While MaxText's default sharding strategies handle most standard models and configurations effectively, you may need to define custom meshes and rules in the following scenarios:

- **Simplifying logical rules:** If you are training on a smaller cluster where only one or two axes are necessary, a simplified, custom logical rule focusing exclusively on those axes can significantly streamline the sharding debugging process.
- **Managing large-scale training:** At scale, you must carefully dictate how specific tensors are sharded or replicated to respect HBM and sharding dimension limits. For example, if a `q_lora` tensor with a dimension of 512 is sharded across FSDP, Expert, and Context axes, an error will occur if the product of these axes exceeds 512. A custom rule allows you to drop conflicting axes to prevent these dimension overflows.
- **Implementing advanced sharding features:** To maximize performance, you might want to repurpose specific axes dynamically based on the layer. For instance, you could configure the Expert axis to handle Context parallelism outside of Mixture of Experts (MoE) layers. Achieving this level of granular flexibility requires custom sharding rules.

## Pre-Defined Sharding Configurations

MaxText currently provides several ready-to-use custom mesh and rule configurations:

### `pure-fsdp.yml`

This rule relies entirely on Fully Sharded Data Parallelism (FSDP). It maps all activations and weights directly to the `fsdp` mesh axis. This is the recommended sharding strategy for small-scale training, as it simplifies the overall configuration and makes debugging significantly easier.

### `ep-as-cp.yml`

This rule utilizes the `data`, `stage`, `fsdp`, and `expert` axes. Its defining feature is that it repurposes the `expert` axis to handle context parallelism in all components *except* for the core dense Mixture of Experts (MoE) layers (i.e., the computations between Expert Parallelism all-to-all communications). By reusing the expert dimension to shard the sequence length in non-MoE layers, it enables fractional batch size to reduce HBM usage.

### `cp-as-ep.yml`

Similar in philosophy to `ep-as-cp.yml`, this configuration explicitly includes the `context` axis in the mesh layout alongside `data`, `stage`, `fsdp`, and `expert`. While context sharding is mapped to the `context` axis globally, within MoE components, this `context` axis dynamically shifts to perform expert parallelism instead of FSDP. This custom rule supports using CP and EP together.

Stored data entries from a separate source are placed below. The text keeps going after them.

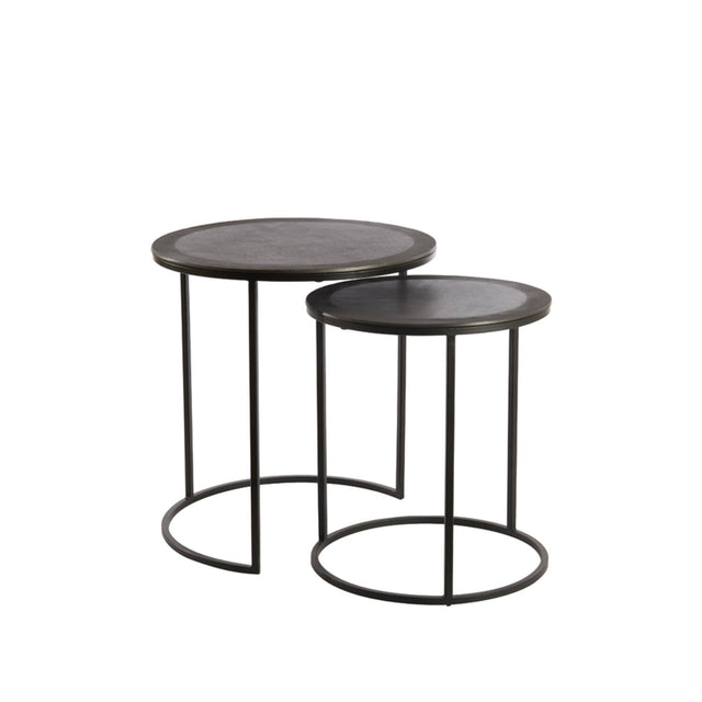 A Talca lerakóasztal szett két különböző méretű kerek asztalból áll, nyers ólom antik felületkezeléssel, amely egyedi, ipari karaktert kölcsönöz a daraboknak. A fém anyag tartósságot és időtálló megjelenést biztosít. A két különböző méret önállóan és egymás mellé csoportosítva egyaránt látványos kompozíciót alkot bármely enteriőrben.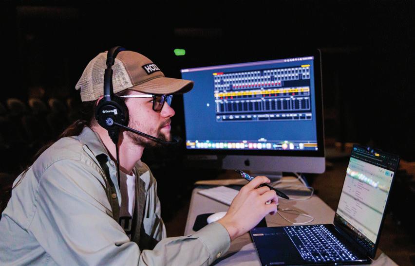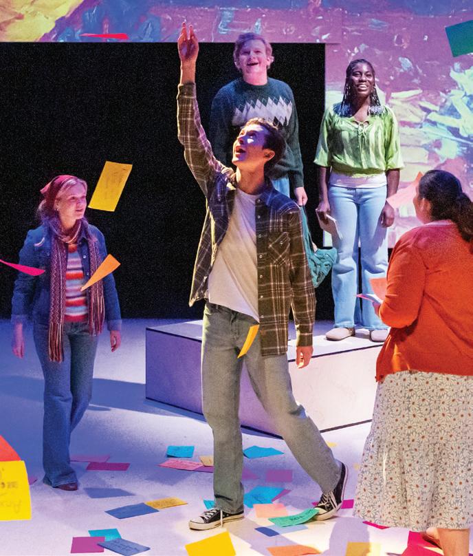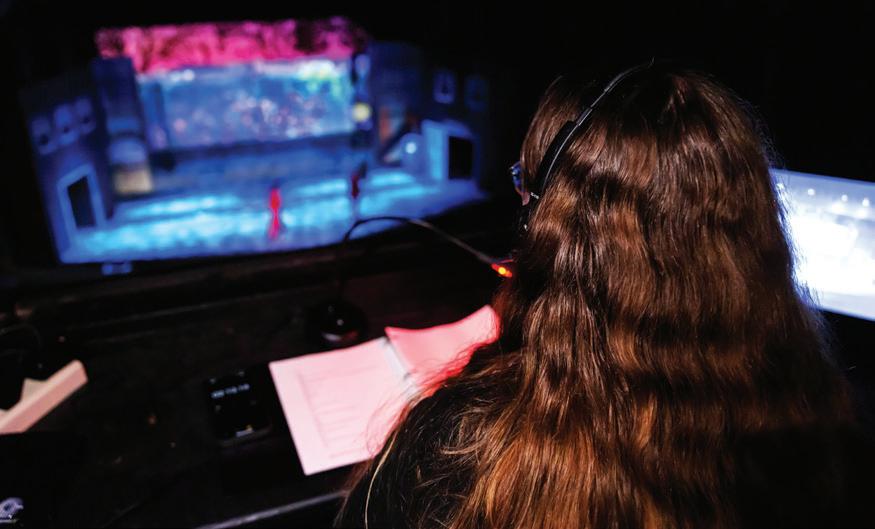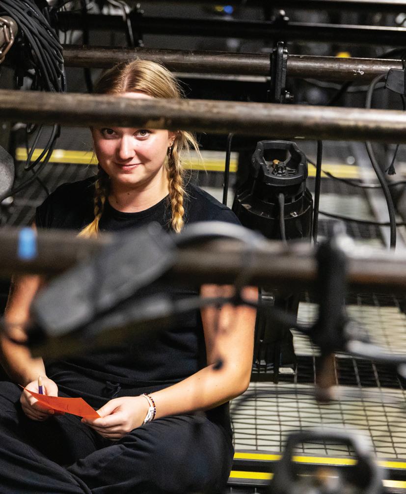 Wellesley Girl, 2024: Calling stage manager Abby Bowling in the booth. Hannah Carstarphen and Reid Williams onstage. 3 Violet, 2025: (L to R) Kirsten Estes, Kara Anne Smith, Evie Slaughenhoup, Alaya Young, Ashleigh Vickery, Patrick Barnett, Morgan McKenzie. 4 “Falling (Down)” from Flying/Falling, 2024: (L to R) Marielle Burque, Liz Koifman, Samantha Richardson. 5 Orlando, 2025: Daisha Flint and Harrison Dunn. 6, 7 Ordinary Days, 2024: (Onstage, top) Jeb Bethel, Michaela Williams; (bottom) Hali Everette, Wil Eplett, Catherine Govignon. Props coordinator Kate Nymark on the tension grid ready to drop flyers over the stage. Opposite page: A Will Johnson checking electrical equipment. B Student designer Linne Johnston examining costume stock; C Jason Owens programming LED pixel lights. All photos by Henry Eiland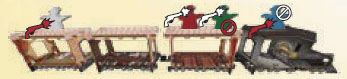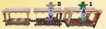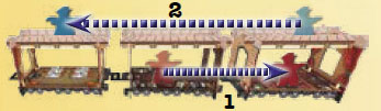 2. When you are on the roof, however, you can shoot a Bandit who is in your Line of Sight and on the roof of any Car other than your own, regardless of the distance. A Bandit is in Line of Sight if there is no other Bandit between you and him. Two Bandits on the roof of the same Car are considered as being side by side, and not located one behind the other: you choose which one gets hit.

### `pipeline-large-moe.yml`

Designed specifically to optimize pipeline parallelism for extremely large-scale MoE jobs (such as DeepSeek models). It defines the physical axes: `data`, `stage`, `fsdp`, `tensor`, `context`, and `expert`. To prevent dimension limit errors, it intentionally disables expert weight sharding on the (typically small) `q_lora` dimension. Furthermore, tensor and expert parallelism are strictly preserved to support advanced pipelining features like `pipeline_fsdp_ag_one` and `pipeline_fsdp_ag_per_repeat`.

## Protecting Configurations with Sharding Dump

Because custom sharding rules are highly specific and sensitive to changes in model architecture, MaxText uses an automated **Sharding Dump** mechanism to protect them against regressions.

1. **Dumping State:** The `tests/utils/sharding_dump.py` tool generates an abstract state representation of how tensors are sharded across the mesh for a given model, topology, and `custom_mesh_and_rule`. It outputs this layout into a JSON file.
2. **Comparison Testing:** In `tests/unit/sharding_compare_test.py`, test cases instantiate models with specific custom mesh rules and compare the generated sharding JSON against known-good "golden" files stored in `tests/utils/sharding_info/`.
3. **Regression Prevention:** If a code change inadvertently alters the sharding layout (for example, causing an activation to un-shard and run out of memory), the comparison test will fail, alerting developers before the issue affects actual large-scale training jobs.